§ **Source material**:
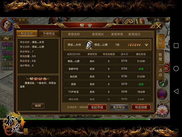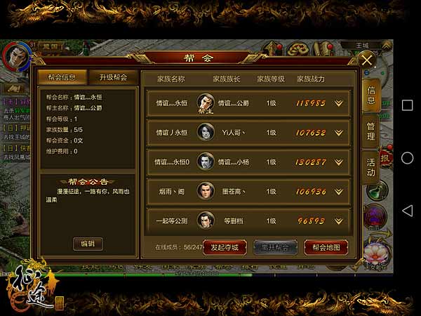《征途手机版》开启了一个广阔的交互平台,15级便能体验家族玩法,30级后更可以参与帮会玩法,为我们的征途提供更大的施展舞台。 如果说家族像玩家间组建的家庭,那么帮会则是家族抱团取暖的地方。一个强大的帮会依赖于加入其中家族的强大,因此只有家族族长才可以申请加入帮派。如果当家族
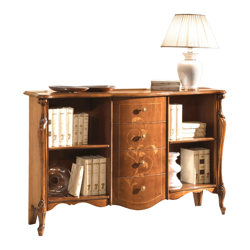 Die Struktur ist sehr stark und gut bearbeitet. Der Sockel und die Platte sind aus Massiv Toulipier, die andere Teilen sind aus MDF Paneel, die durch Tanganjika Nussbaum und Buchenholz plattiert werden.
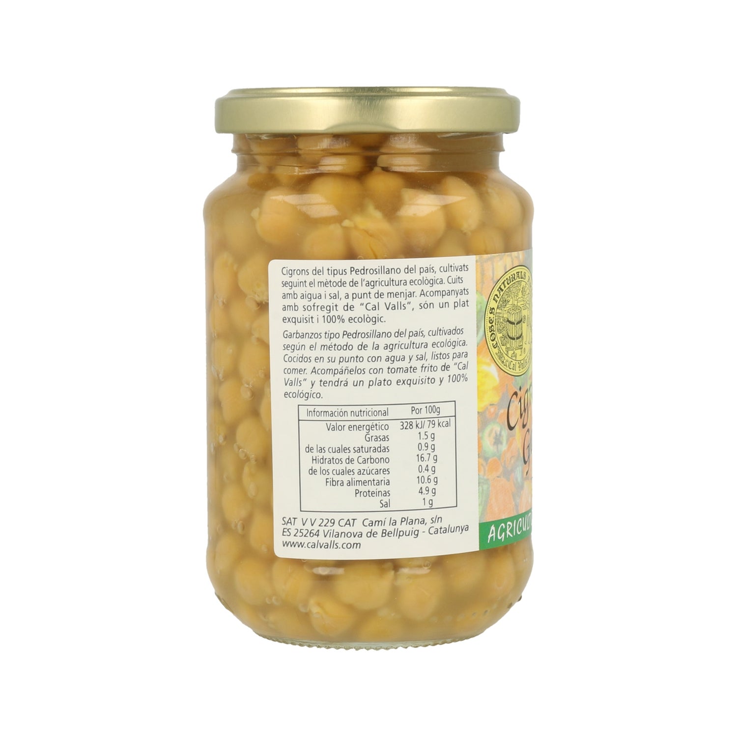 Tenros grão-de-bico cozidos da Cal Valls, cultivados com agricultura biológica e produzidos através de processos 100% artesanais. Este produto vem numa prática embalagem de 220g, em frasco de vidro, pensada para preparações rápidas quando não se tem muito tempo para cozinhar. Os grão-de-bico da Biocop são livres de glúten e prontos a comer acompanhados de arroz, saladas ou como ingrediente adicional em diferentes receitas. Os grão-de-bico são ricos em fibra, vitaminas C e B6 e potássio, elementos que protegem o coração de doenças e baixam os níveis de colesterol. A este grão são atribuídas qualidades como a perda de peso, fortalecimento dos ossos, regulação da digestão e circulação. Também são muito úteis ao manter a pressão arterial em níveis normais e facilitar o trânsito intestinal. São recomendados para acompanhar refeições e jantares e desfrutar em família.
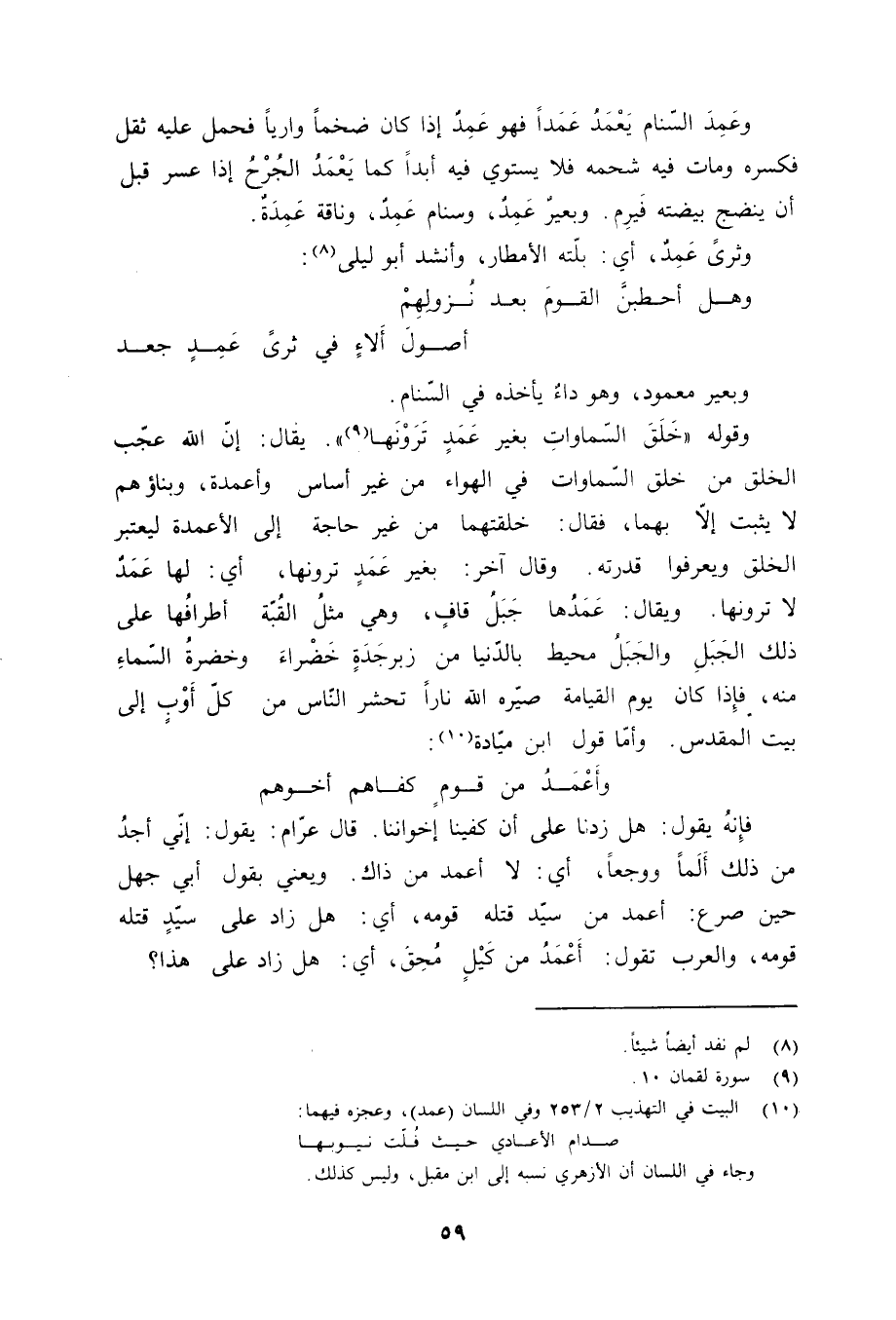 (10) البيت في التهذيب 2/ 253 وفي اللسان (عمد) ، وعجزه فيهما:

§ **Work instructions**: Please print the listing above again word for word, without its pictures.

§ **Reply to the task**:
《征途手机版》开启了一个广阔的交互平台,15级便能体验家族玩法,30级后更可以参与帮会玩法,为我们的征途提供更大的施展舞台。 如果说家族像玩家间组建的家庭,那么帮会则是家族抱团取暖的地方。一个强大的帮会依赖于加入其中家族的强大,因此只有家族族长才可以申请加入帮派。如果当家族
 Die Struktur ist sehr stark und gut bearbeitet. Der Sockel und die Platte sind aus Massiv Toulipier, die andere Teilen sind aus MDF Paneel, die durch Tanganjika Nussbaum und Buchenholz plattiert werden.
 Tenros grão-de-bico cozidos da Cal Valls, cultivados com agricultura biológica e produzidos através de processos 100% artesanais. Este produto vem numa prática embalagem de 220g, em frasco de vidro, pensada para preparações rápidas quando não se tem muito tempo para cozinhar. Os grão-de-bico da Biocop são livres de glúten e prontos a comer acompanhados de arroz, saladas ou como ingrediente adicional em diferentes receitas. Os grão-de-bico são ricos em fibra, vitaminas C e B6 e potássio, elementos que protegem o coração de doenças e baixam os níveis de colesterol. A este grão são atribuídas qualidades como a perda de peso, fortalecimento dos ossos, regulação da digestão e circulação. Também são muito úteis ao manter a pressão arterial em níveis normais e facilitar o trânsito intestinal. São recomendados para acompanhar refeições e jantares e desfrutar em família.
 (10) البيت في التهذيب 2/ 253 وفي اللسان (عمد) ، وعجزه فيهما:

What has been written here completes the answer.